Friday, November 10, 2006
The Journal of General Internal Medicine has a trial of changing a DNR order policy at a hospital in New York. For those of you not familiar with the NY situation--there is legislation there that most hospitals have interpreted to mean that a patient (or their proxy) has to sign a consent form in order for a physician to write a DNR order. These forms are notoriously long and complicated. (In contrast, at my hospital, while there is a special DNR physician order form, patients don't have to sign anything, and there is a policy in place allowing physicians to write a DNR order against a patient's wishes if resuscitation is felt not to be medically indicated.) In this article the hospital developed a new DNR order form and policy which greatly simplified the process, allowed for verbal 'consent**' only, and prompted physicians to consider multiple categories of treatment limitations as well as palliative priorities (pain, psychosocial & spiritual concerns, etc.). The authors compared what happened at their hospital with a similar 'control' institution which did not change their DNR policy. In short they found that the policy was well received and improved some markers of quality of care, as well as rates of DNR orders. Intriguingly, they looked at surrogate (patient family members, etc.) stress regarding DNR orders and found it decreased after the policy change. This is modest empiric evidence for a long-standing clinical observation--that particularly regarding what are viewed as 'life or death' decisions (such as DNR orders, terminal extubations, etc.) family members generally want physicians to make and be responsible for these decisions (so that the family member doesn't feel like s/he is responsible for someone's death--acknowledging of course that they almost certainly aren't responsible for the death, but they don't want to feel like they are being asked to 'choose'). That sentence was too long, I apologize.

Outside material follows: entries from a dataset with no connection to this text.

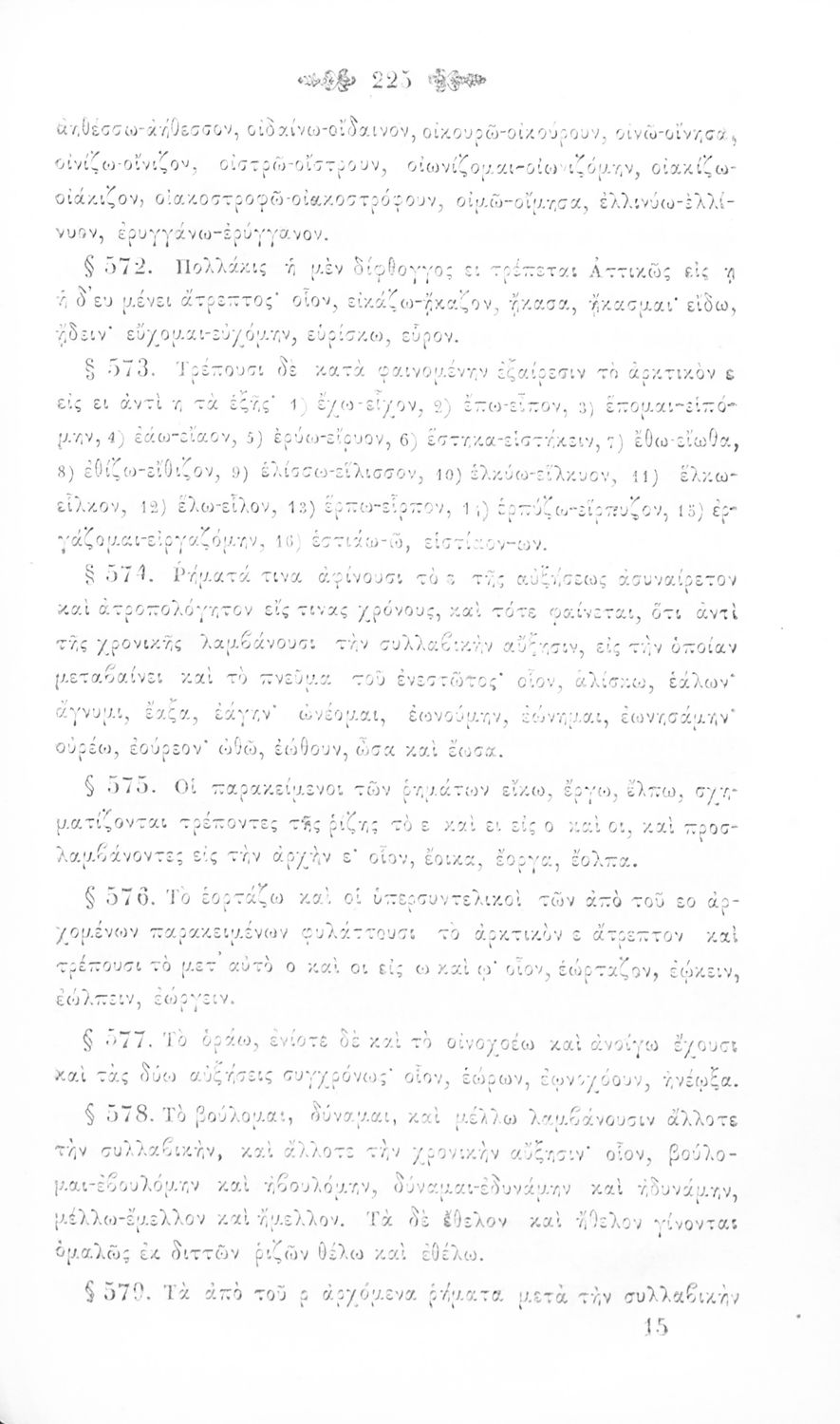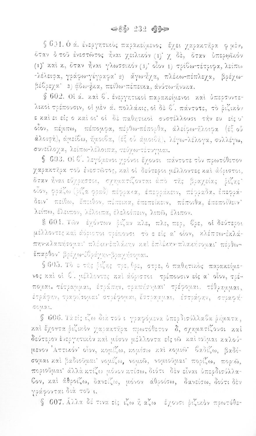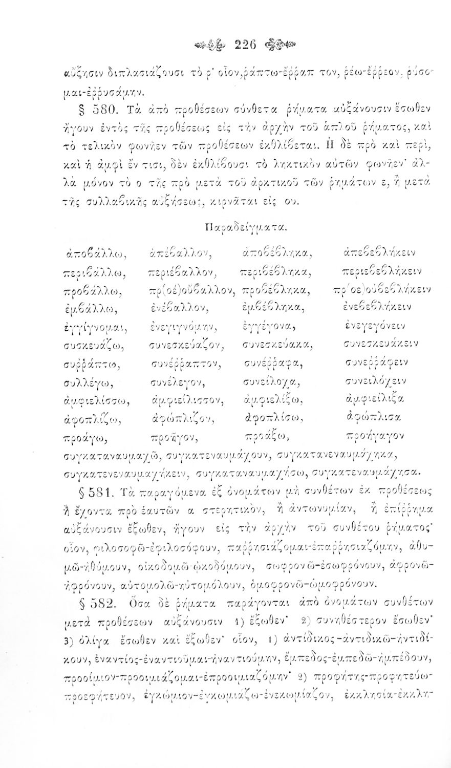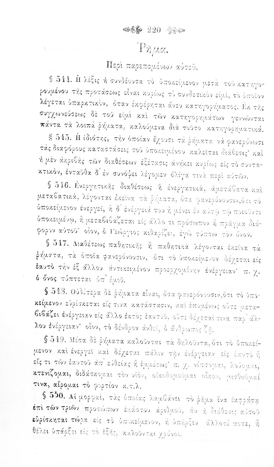 Σχολικό εγχειρίδιο Αρχαίων Ελληνικών για τα Ελληνικά Σχολεία και Παρθεναγωγεία που περιέχει τους κανόνες γραμματικής και είναι χωρισμένο σε φθογγολογικό, τυπολογικό και ετυμολογικό μέρος.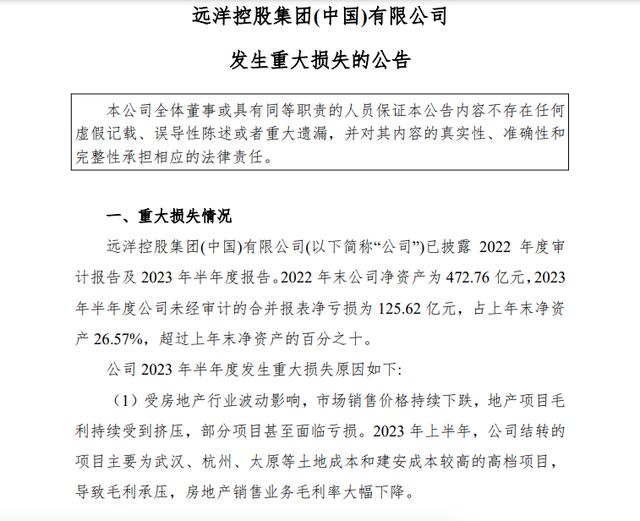 日前,远洋控股集团(中国)有限公司(下称“远洋控股集团”)披露了2022年度审计报告及2023年半年度报告。公告提到,2023年半年度公司发生重大损失。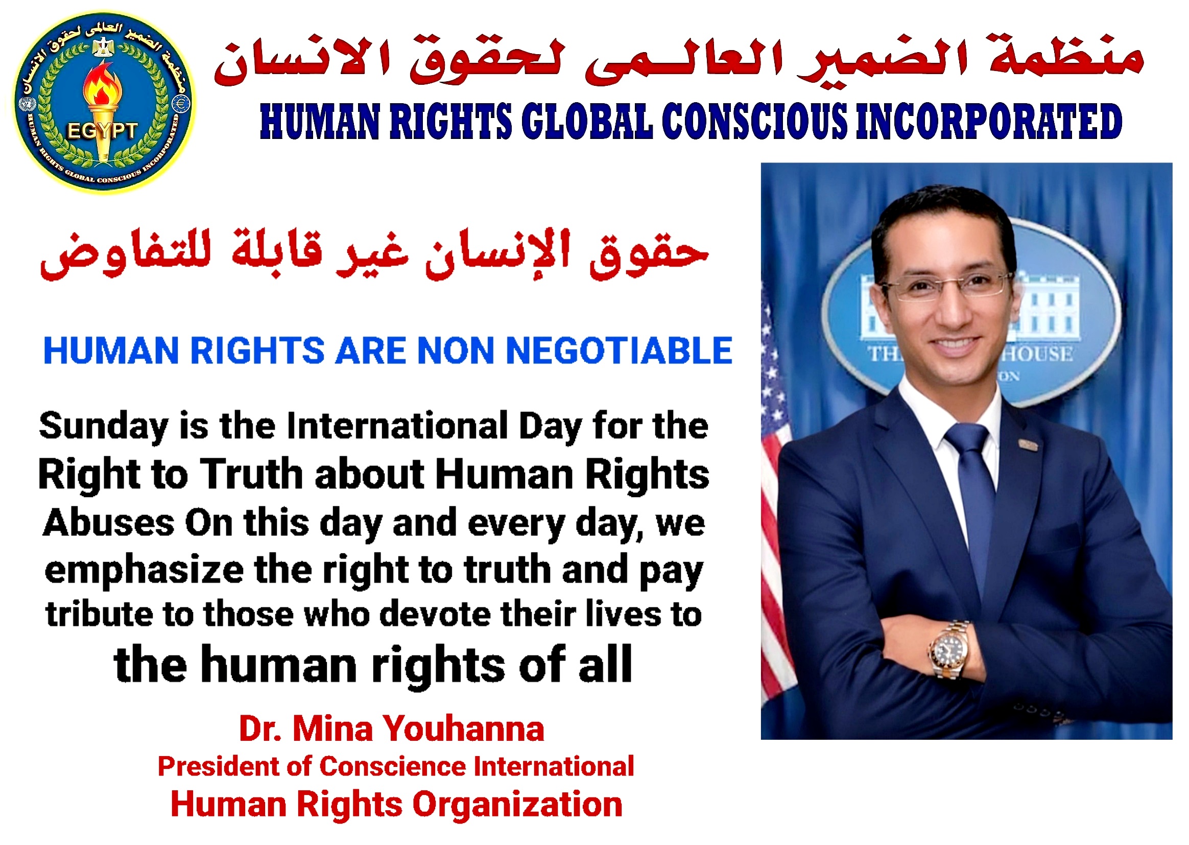 The United Nations-affiliated Global Conscience Human Rights Organization is an international organization established in 2009. It currently has three million members worldwide and branches in 121 countries, in addition to 27 branches in Egypt. The Global Conscience Human Rights Organization is guided in its mission and work by the goals and purposes contained in the International Covenant on Human Rights.

**"Consenting" to a DNR order is somewhat of a weird concept. Consent, in medicine, usually refers to a patient understanding and agreeing to a medical intervention. In this case, however, it is about not using a medical intervention which is unlikely to benefit a patient in any material way. Surgeons 'consent' patients to operate; when surgeons choose not to operate because the risks outweigh the benefits of surgery they don't consent the patient to not operate--it's just considered good medical care.
JAMA has a couple of articles this week. First is a ' coda' for the recent Clinician's Corner piece about spirituality & dying. Then there's a new Clinician's Corner/Perspectives on Care at the Close of Life piece about palliative care for frail elderly adults. It's discussion of hospice care for those with a functional decline but no 'clear' 'terminal' diagnosis is good, and good to see in a general journal.
I stumbled across this press release touting antioxidants as analgesics (some researchers gave some mice a whole bunch of antioxidants and then injected formalin subcutaneously and found that the mice exhibited fewer pain behaviors). It's an interesting bit of research but will likely end up on the trash heap of novel human analgesics, although I hope not. The press release is peppered with a lot of "opioids=addictive=bad" language.
On Monday I took the ABHPM's final board exam before it dissolves and is replaced by the new ABMS hospice & palliative medicine board. It's the end of palliative care's infancy (in the U.S.) which is exciting, but sad to see the ABHPM undergo its planned dissolution. It does mean--assuming I pass--that I can proudly tell my palliative medicine fellows ~30 years from now (some of whom may not be born yet) that I am so old that I was boarded by the ABHPM (I'll reassure them that was long before we discovered antioxidants were fantastic analgesics).